More importantly, however, these nascent international standards involved a break with the model of electronic document design and dissemination employed by the Domesday Project designers. Where the Domesday Project might be described as an information machine -- a work in which content and presentation are so closely intertwined as to become a single entity -- the new standards concentrated on establishing a theoretical separation between content and presentation (see Connolly 1994 for a useful discussion of the distinction between "programmable" and "static" document formats and their implications for document conversion and exchange). This allows both aspects of an electronic to be described separately and, for the most part, in quite abstract terms which are then left open to interpretation by users in response to their specific needs and resources.
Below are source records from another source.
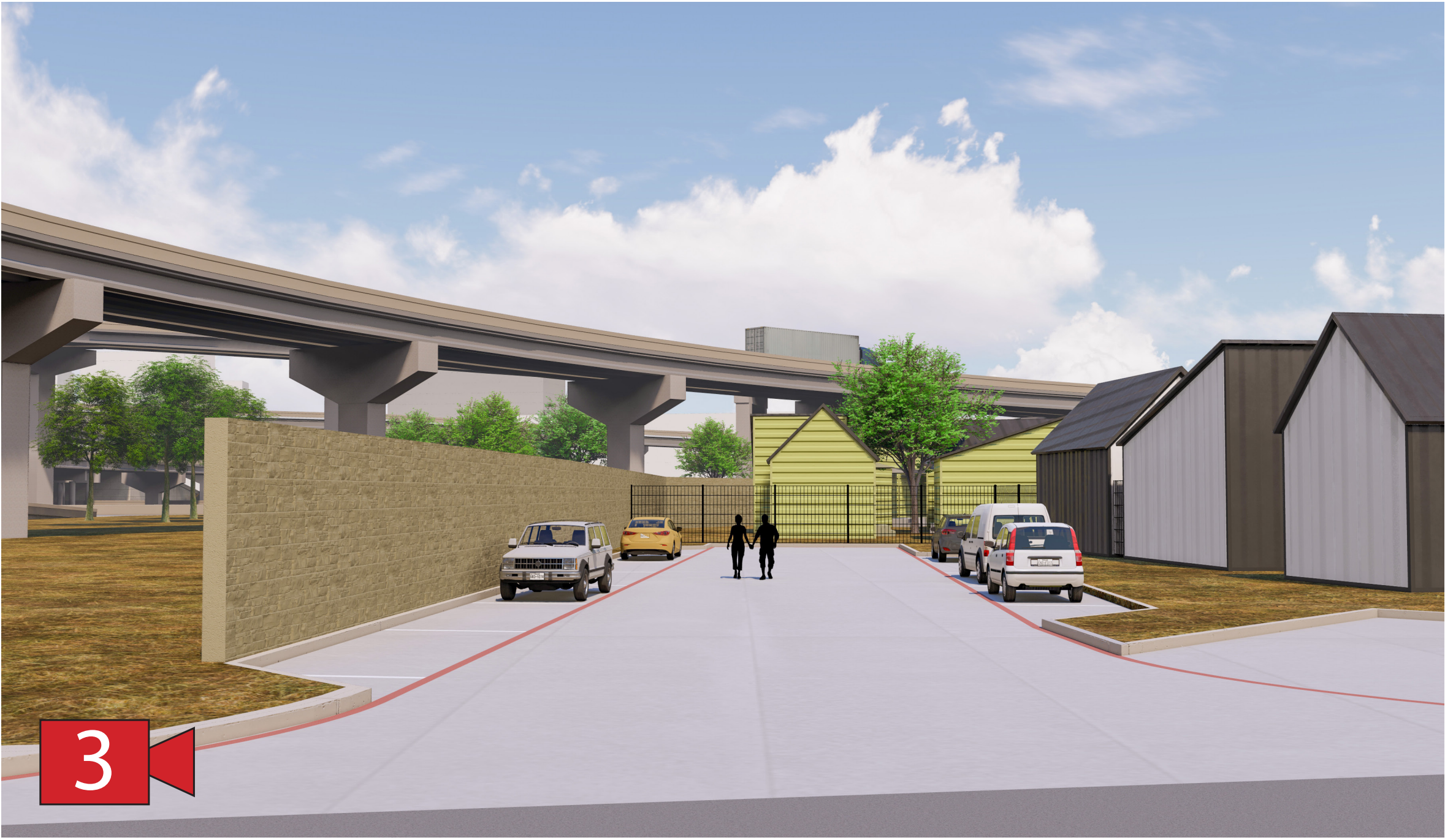
Ground View - Back of Noise Barrier
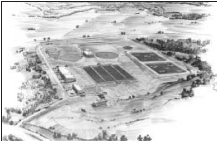
H.C. Morgan Wastewater Treatment Plant
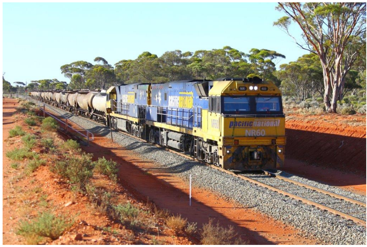
NRs 60 & 8 haul an early 4445 empty fuel through Binduli, 9^{\text{th}} January.
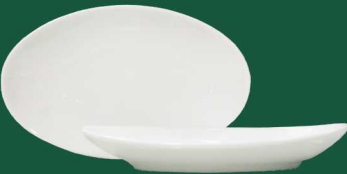
OVAL COUPE PLATTER F46
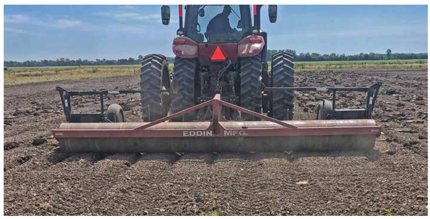
Figure 3. Beds should be made tall enough to keep irrigation water flowing correctly in furrows. Avoid making them too high or too wide, which prevents adequate water wicking in beds.

Sam Atwell, a rice extension agronomist, observed in a farm survey that some rice farmers were more successful than others at growing rice with furrow irrigation. He credited that in part to differences in management style but saw that soil texture and bed width in fields played a major role in producing high yields.
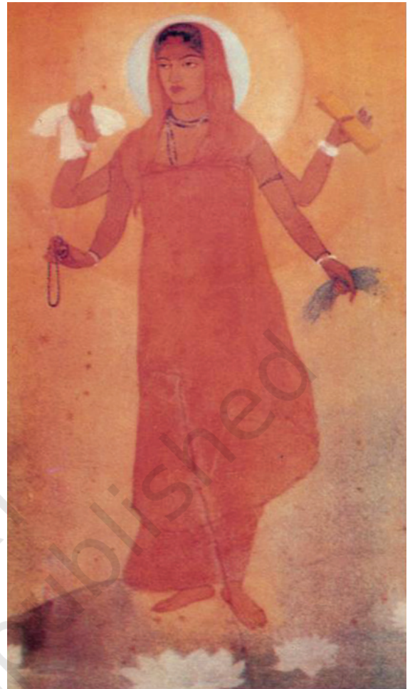
Fig. 12 – Bharat Mata, Abanindranath Tagore, 1905. Notice that the mother figure here is shown as dispensing learning, food and clothing. The mala in one hand emphasises her ascetic quality. Abanindranath Tagore, like Ravi Varma before him, tried to develop a style of painting that could be seen as truly Indian.

Ideas of nationalism also developed through a movement to revive Indian folklore. In late-nineteenth-century India, nationalists began recording folk tales sung by bards and they toured villages to gather folk songs and legends. These tales, they believed, gave a true picture of traditional culture that had been corrupted and damaged by outside forces. It was essential to preserve this folk tradition in order to discover one’s national identity and restore a sense of pride in one’s past. In Bengal, Rabindranath Tagore himself began collecting ballads, nursery rhymes and myths, and led the movement for folk
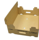
4 Corner Tray with Snap Lock Lid

It is this flexibility which helped in the initial popularization of the World Wide Web: document designers could present their material in a single standard format and, in contrast to the designers of the Domesday Project, be relatively certain that their work would remain accessible to users accessing it with various software and hardware systems -- whether this was the latest version of the new Mosaic browser or some other, slightly older and non-graphical interface like Lynx (see Berners-Lee 1989-1990 for an early summary of the advantages of multi-platform support and a comparison with early multi-media models such as that adopted by the Domesday Project). In recent years, this same flexibility has allowed project designers to accommodate the increasingly large demand for access to internet documents from users of (often very advanced) non-traditional devices: web activated mobile phones, palm-sized digital assistants, and of course aural screen readers and Braille printers.
In theory, this flexibility also means that where engineers responsible for restoring the Domesday Project have been forced to emulate the original software in order to recreate the BBC designer's work, future archivists will be able to restore current, standards-based, electronic projects by interpreting the accompanying description of their presentation in a way appropriate to their own contemporary technology. In some cases, indeed, this restoration may not even require the development of any actual computer software: a simple HTML document, properly encoded according to the strictest international standards, should in most cases be understandable to the naked eye even when read from a paper printout or text-only display.
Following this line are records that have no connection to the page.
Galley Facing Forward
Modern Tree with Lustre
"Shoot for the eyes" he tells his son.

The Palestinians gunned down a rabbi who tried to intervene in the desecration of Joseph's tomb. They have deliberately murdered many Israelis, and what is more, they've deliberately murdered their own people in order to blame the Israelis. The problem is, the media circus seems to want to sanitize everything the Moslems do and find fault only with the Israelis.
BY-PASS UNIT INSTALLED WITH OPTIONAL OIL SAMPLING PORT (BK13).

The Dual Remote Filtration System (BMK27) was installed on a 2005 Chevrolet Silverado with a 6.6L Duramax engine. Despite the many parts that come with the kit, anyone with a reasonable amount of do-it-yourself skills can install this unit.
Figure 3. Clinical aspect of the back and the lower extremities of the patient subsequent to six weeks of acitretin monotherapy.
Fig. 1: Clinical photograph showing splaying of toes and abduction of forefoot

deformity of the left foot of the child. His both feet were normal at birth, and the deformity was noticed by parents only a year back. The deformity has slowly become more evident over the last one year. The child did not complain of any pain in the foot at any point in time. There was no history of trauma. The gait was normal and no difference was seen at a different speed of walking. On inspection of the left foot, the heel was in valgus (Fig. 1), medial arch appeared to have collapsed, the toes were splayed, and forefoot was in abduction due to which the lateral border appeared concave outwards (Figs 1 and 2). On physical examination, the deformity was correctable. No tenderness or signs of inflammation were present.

In practice, however, it is still easy to fall into the trap of integrating content and presentation. One common example involves the use of table elements for positioning unrelated or sequential text in parallel "columns" on browser screens (see Chisholm, Vanderheiden, et al. 2000, § 5). From a structural point of view, tables are a device for indicating relations among disparate pieces of information (mileage between various cities, postage prices for different sizes and classes of mail, etc.). Using tables to position columns, document designers imply in formal terms the existence of a logical association between bits of text found in the same row or column -- even if the actual rationale for this association is primarily aesthetic. While the layout technique, which depends on the fact that all current graphic-enabled browsers display tables by default in approximately the same fashion, works well on desktop computers, the same trick can produce nonsensical text when rendered on the small screen of a mobile phone, printed by a Braille output device, or read aloud by an aural browser or screen-reader. Just as importantly, this technique too can lead to early obsolescence or other significant problems for future users. Designers of a linguistic corpus based on specific types of pre-existing electronic documents, for example, might be required to devote consider manual effort to recognising and repairing content arbitrarily and improperly arranged in tabular format for aesthetic reasons.
3. Avoid unnecessary technical innovation
A final lesson to be learned from the early obsolescence of the Domesday Project involves the hidden costs of technical innovation. As a pioneering electronic document, the Domesday Project was in many ways an experiment in multimedia production, publication, and preservation. In the absence of obvious predecessors, its designers were forced to develop their own technology, organisational outlines, navigation techniques, and distribution plans (see Finney 1986 and Camileon 2003a for detailed descriptions). The fact that relatively few other projects adopted their proposed solutions to these problems -- and that subsequent developments in the field led to a different focus in electronic document design and dissemination -- only increased the speed of the project's obsolescence and the cost and difficulty of its restoration and recovery.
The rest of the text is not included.